WHAT YOU NEED TO DO:
Retype, word for word, every line of the records below starting at the one that contains "Μια τσάντα που" and ending at the one that contains "韩骅 教授 乐动网页版登录入口创新论坛第一千五百七十二讲:国家自然科学基金申请书撰写辅导讲座"; include both of those lines and nothing more.
BEGIN THE DATA
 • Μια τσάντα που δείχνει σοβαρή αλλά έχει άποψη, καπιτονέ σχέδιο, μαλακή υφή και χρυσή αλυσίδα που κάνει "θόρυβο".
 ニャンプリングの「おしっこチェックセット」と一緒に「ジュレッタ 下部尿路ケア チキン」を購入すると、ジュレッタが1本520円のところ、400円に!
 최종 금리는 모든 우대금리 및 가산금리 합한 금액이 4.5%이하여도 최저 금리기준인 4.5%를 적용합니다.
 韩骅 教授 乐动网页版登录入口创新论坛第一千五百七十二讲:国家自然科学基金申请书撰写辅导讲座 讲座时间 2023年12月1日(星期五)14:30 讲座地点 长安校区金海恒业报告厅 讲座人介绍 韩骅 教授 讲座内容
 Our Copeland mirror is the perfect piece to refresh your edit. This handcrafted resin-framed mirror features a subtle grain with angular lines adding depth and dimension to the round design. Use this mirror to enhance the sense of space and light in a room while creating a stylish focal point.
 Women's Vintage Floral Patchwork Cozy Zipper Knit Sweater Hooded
END THE DATA
BEGIN THE DATA
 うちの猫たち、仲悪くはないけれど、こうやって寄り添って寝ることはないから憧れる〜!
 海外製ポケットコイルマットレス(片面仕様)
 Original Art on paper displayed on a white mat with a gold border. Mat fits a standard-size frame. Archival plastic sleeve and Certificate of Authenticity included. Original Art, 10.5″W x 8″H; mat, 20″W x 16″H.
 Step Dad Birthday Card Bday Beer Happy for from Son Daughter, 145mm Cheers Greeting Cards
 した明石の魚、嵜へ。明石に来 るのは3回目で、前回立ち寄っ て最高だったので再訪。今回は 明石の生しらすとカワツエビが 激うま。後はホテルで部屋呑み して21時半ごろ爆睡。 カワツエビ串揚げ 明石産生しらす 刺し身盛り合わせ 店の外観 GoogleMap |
END THE DATA
RESPONSE BOX:
 • Μια τσάντα που δείχνει σοβαρή αλλά έχει άποψη, καπιτονέ σχέδιο, μαλακή υφή και χρυσή αλυσίδα που κάνει "θόρυβο".
 ニャンプリングの「おしっこチェックセット」と一緒に「ジュレッタ 下部尿路ケア チキン」を購入すると、ジュレッタが1本520円のところ、400円に!
 최종 금리는 모든 우대금리 및 가산금리 합한 금액이 4.5%이하여도 최저 금리기준인 4.5%를 적용합니다.
 韩骅 教授 乐动网页版登录入口创新论坛第一千五百七十二讲:国家自然科学基金申请书撰写辅导讲座 讲座时间 2023年12月1日(星期五)14:30 讲座地点 长安校区金海恒业报告厅 讲座人介绍 韩骅 教授 讲座内容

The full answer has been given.